Print out the data that follows exactly, character for character, apart from the pictures.
-- Input follows --
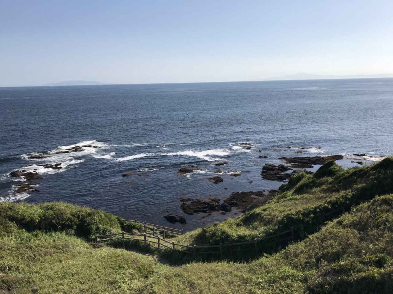 じっくり歩き回ったり、広場をのんびりするのには最適な場所です。展望台からは相模湾や宮川公園の風車などが一望できます。緑がたくさんの公園敷地内のみならず、急な階段を下りて岩場に出ることができます。夏になると磯遊びや磯釣りを楽しむ人たちが多くいます。
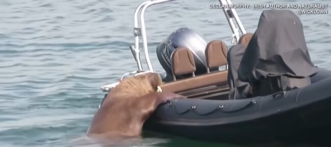 Морж на ирландском побережье топит лодки. Ему подарят плавучий диван!
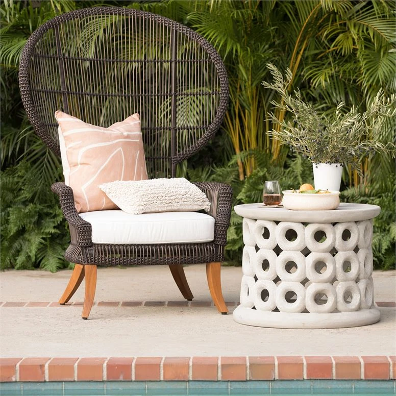 Donut-shaped loops make up the eye-catching graphic structure of the circular Dagen Side Table in Flat White from Made Goods. Made entirely of concrete, this versatile accent table brings some old Hollywood style to an outdoor deck or garden patio. *Concrete material naturally distresses and minor cracks and imperfections are to be expected.
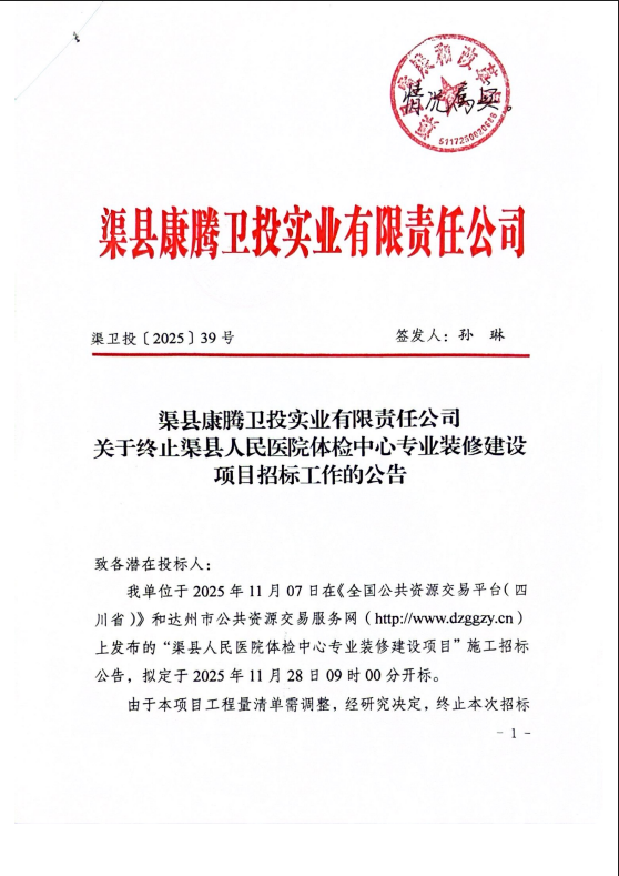 渠县康腾卫投实业有限责任公司关于终止渠县人民医院体检中心专业装修建设项目招标工作的公告
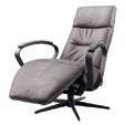 In leder, notenhouten armschalen. Maat M. Electrisch verstelbaar, 2 motoren.
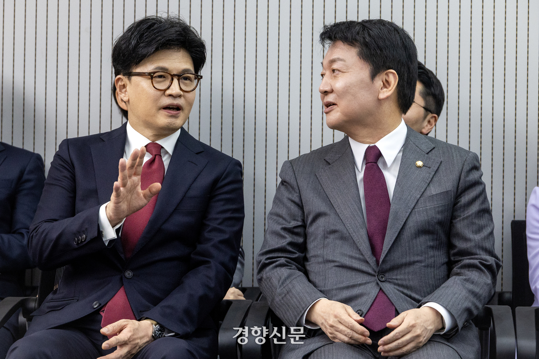 지난 4월29일 여의도 국민의힘 중앙당사에서 한동훈·안철수 당시 후보가 국민의힘 대선 경선 결선 진출자 발표를 기다리며 대화하고 있다. 국회사진기자단 |
-- Input concluded --
### Written response
 じっくり歩き回ったり、広場をのんびりするのには最適な場所です。展望台からは相模湾や宮川公園の風車などが一望できます。緑がたくさんの公園敷地内のみならず、急な階段を下りて岩場に出ることができます。夏になると磯遊びや磯釣りを楽しむ人たちが多くいます。
 Морж на ирландском побережье топит лодки. Ему подарят плавучий диван!
 Donut-shaped loops make up the eye-catching graphic structure of the circular Dagen Side Table in Flat White from Made Goods. Made entirely of concrete, this versatile accent table brings some old Hollywood style to an outdoor deck or garden patio. *Concrete material naturally distresses and minor cracks and imperfections are to be expected.
 渠县康腾卫投实业有限责任公司关于终止渠县人民医院体检中心专业装修建设项目招标工作的公告
 In leder, notenhouten armschalen. Maat M. Electrisch verstelbaar, 2 motoren.
 지난 4월29일 여의도 국민의힘 중앙당사에서 한동훈·안철수 당시 후보가 국민의힘 대선 경선 결선 진출자 발표를 기다리며 대화하고 있다. 국회사진기자단 |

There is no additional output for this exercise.